VariedadeA declaração editorial inicial de: "Queremos que você leia. Será interessante por nenhuma outra razão, a não ser que será conduzido em linhas originais para um jornal teatral." Para esse fim, a primeira edição apresentou uma série de artigos cobrindo modismos entre gerentes de vaudeville, rolhas, uma lista de novos atos e uma coluna chamada "Reminiscências de Mick Norton".

15. Fast Company

Encontro: Novembro de 1995
A primeira edição de Fast Company estava à frente de seu tempo, mas parece mais velho do que seus anos em retrospecto: uma história principal sobre líderes inovadoras de tecnologia ("O lugar de uma mulher é no ciberespaço"), um relato detalhado de "Como a Netscape ganhou" e muitas dicas para as pessoas que amam tecnologia, negócios e os meandros da escalada corporativa - incluindo um guia para conselheiros de carreira e conselhos do VP da Intel.

16. ESPN The Magazine

Encontro: Março de 1998
A edição inaugural da revista da rede a cabo apresentou quatro atletas que eles sentiram definir a próxima geração: Kobe Bryant (então com apenas 19), Alex Rodriguez, Eric Lindros e Kordell Stewart.

17. Harper's

Encontro: Junho de 1850

Com 144 páginas, a primeira edição da Harper's consiste principalmente em trechos, poemas e artigos selecionados de outras fontes. Havia uma coleção ilustrada de gorros de tulipa e chapéus de palha para o passeio, perfis (acompanhados de bustos ilustrados) de T. Babington Macaulay, Archibald Alison e William H. Prescott, um artigo intitulado "Mulheres no Oriente" e um trecho de Maurice Tierney Soldado da Fortuna.

18. Tiger Beat

Encontro: Setembro de 1965

Em 1965, uma pequena revista chamada Tiger Beat de Lloyd Thaxton estreou nos EUA, para o deleite das jovens que não perderam aquele sentimento de amor pelos Righteous Brothers.

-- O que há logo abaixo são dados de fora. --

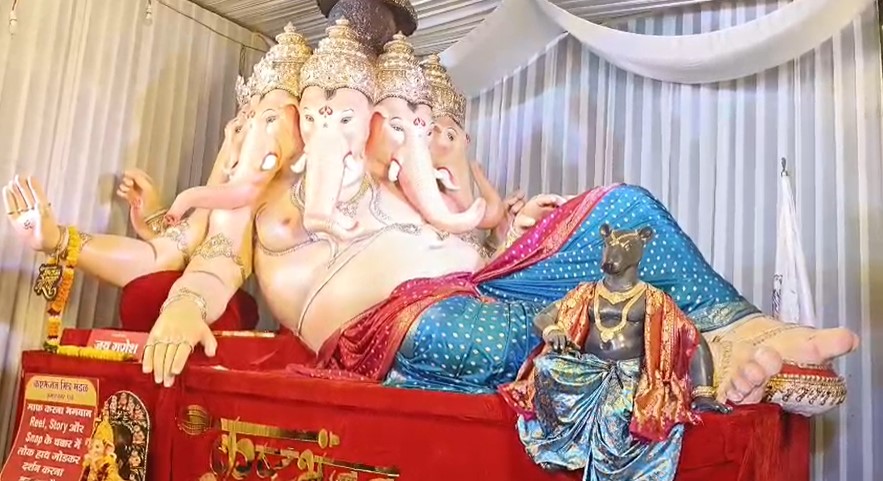 ण्यात आला आहे. विशेष म्हणजे मंडळाने वृंदावन येथून आणलेल्या मातीतून गणेशाची आकर्षक मूर्ती साकारली असून त्यात गाईला देण्यात येणाऱ्या चाऱ्याचाही वापर करण्यात आला आहे.
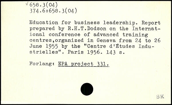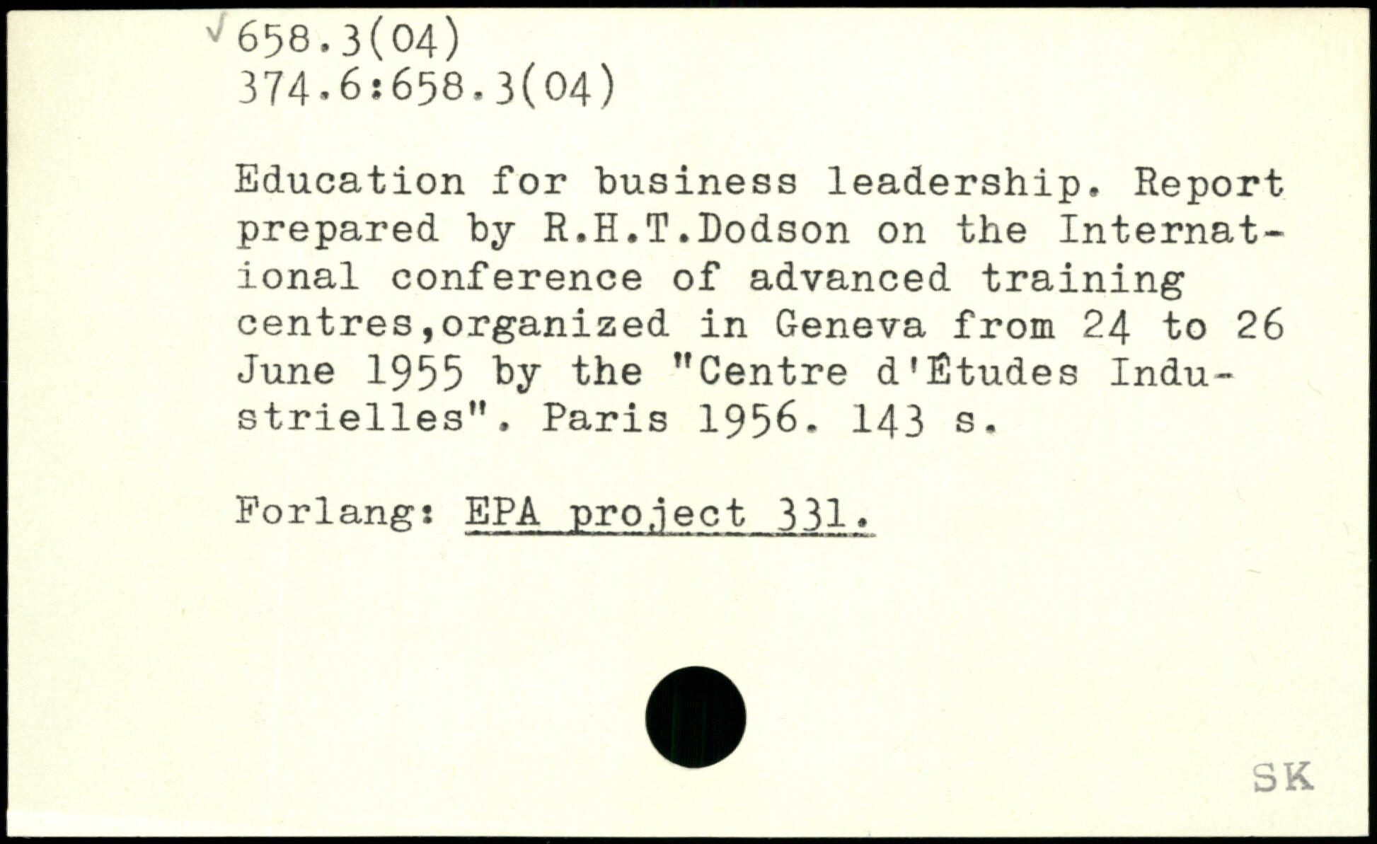 Education for business leadership. Report prepared by R.H.T.Dodson on the International conference of advanced training centres,organized in Geneva from 24 to 26 June 1955 ty the "Centre d'Etudes Indu-strielles".
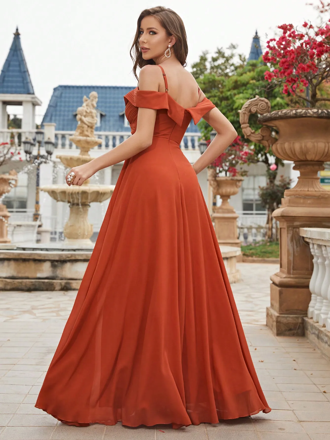 Unithorse Cold Shoulder Ruched Floor Length Chiffon Bridesmaid Dress
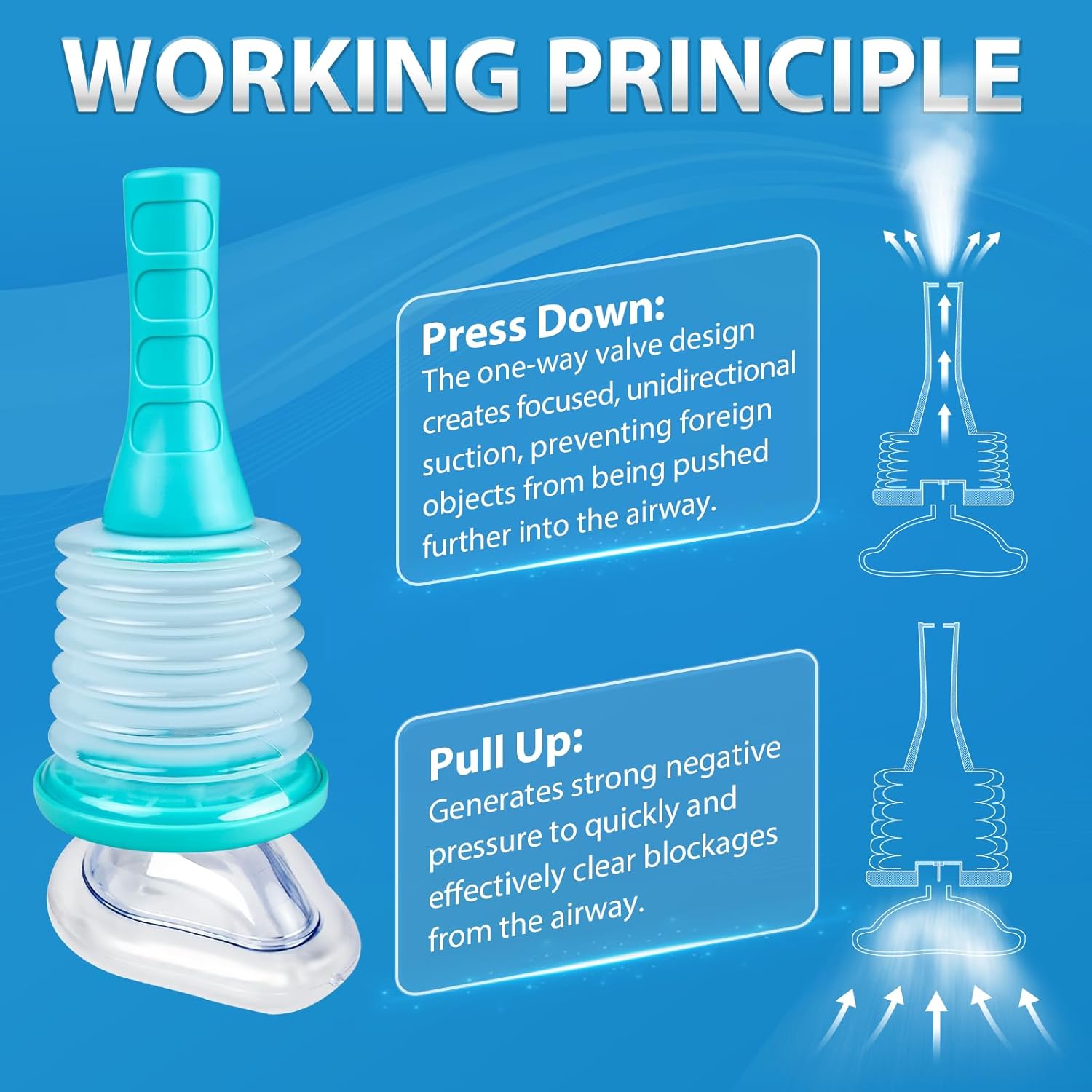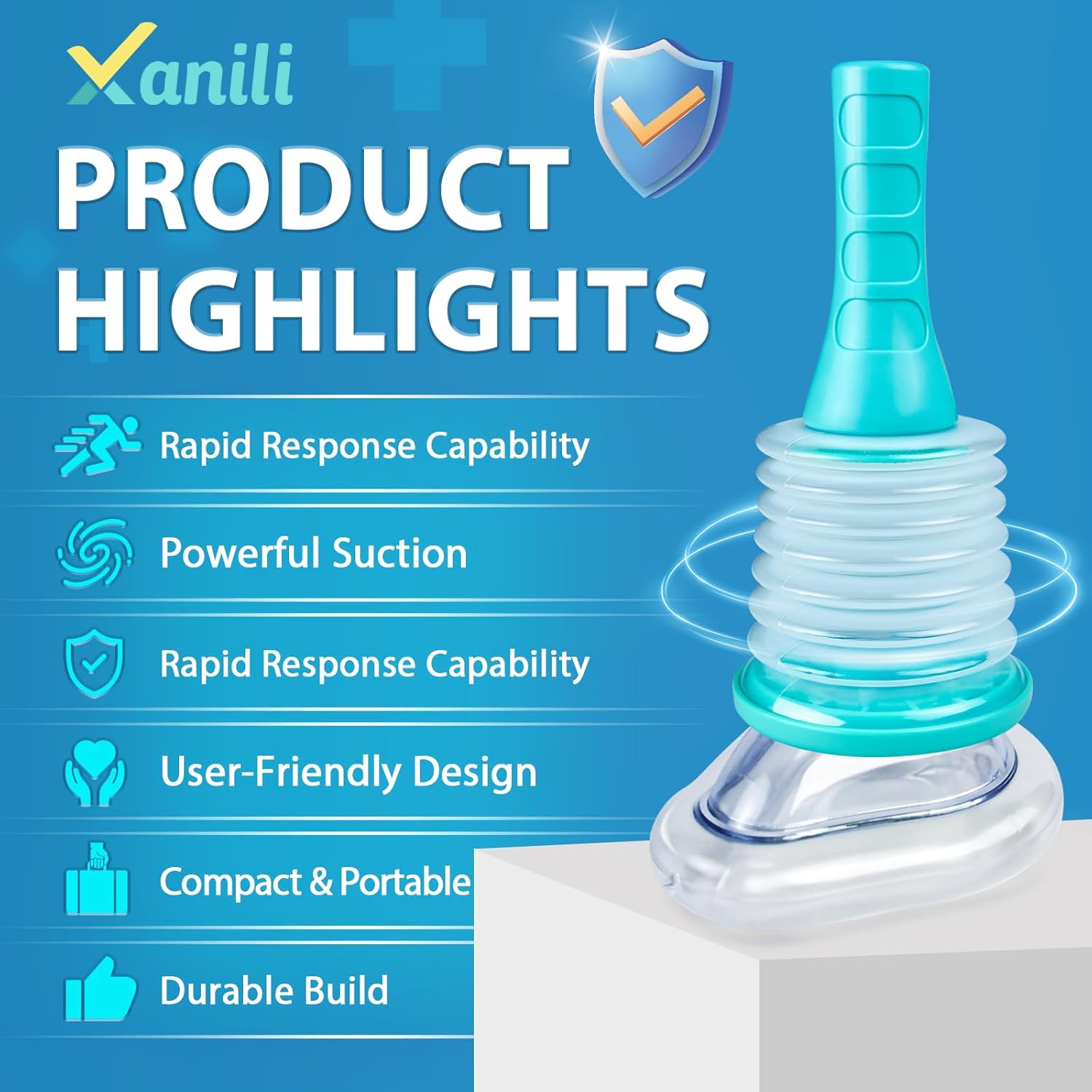 Xanili Choking Rescue Device is both safe and effective. It features a one-way valve design that ensures one-way suction, making it easier to quickly clear blocked objects from the airway.

Eles dividiram a capa com um tigre de desenho animado e acenou com a cabeça para os Beatles, os Beach Boys, Mia Farrow e Chuck Berry. Lloyd Thaxton, por sua vez, foi cofundador e colunista. A revista vive impressa, na web, na App Store. A edição mais recente apresenta todos os onze membros do One Direction.

19. mental_floss

Encontro: 2001
Lançado na Duke University por Will Pearson (nosso presidente) e Mangesh Hattikudur (nosso diretor de criação), a primeira edição estabeleceu muito bem os tipos de coisas que cobriríamos nos próximos doze anos: leis idiotas, luta de sumô e coisas que você não pode vender no eBay.


A primeira edição do Spectator

o Espectador foi publicado pela primeira vez em 1º de março de 1711.

Richard Steele e Joseph Addison, amigos de seus tempos de escola em Charterhouse, criaram um novo gênero literário no tempo da Rainha Anne. Em 1709 Steele lançou o Tatler, com notícias, fofocas, resenhas e ensaios três dias por semana, para os quais Addison contribuiu. Funcionou até o início de 1711 e Addison e Steele começaram a Espectador na primeira quinta-feira de março seguinte.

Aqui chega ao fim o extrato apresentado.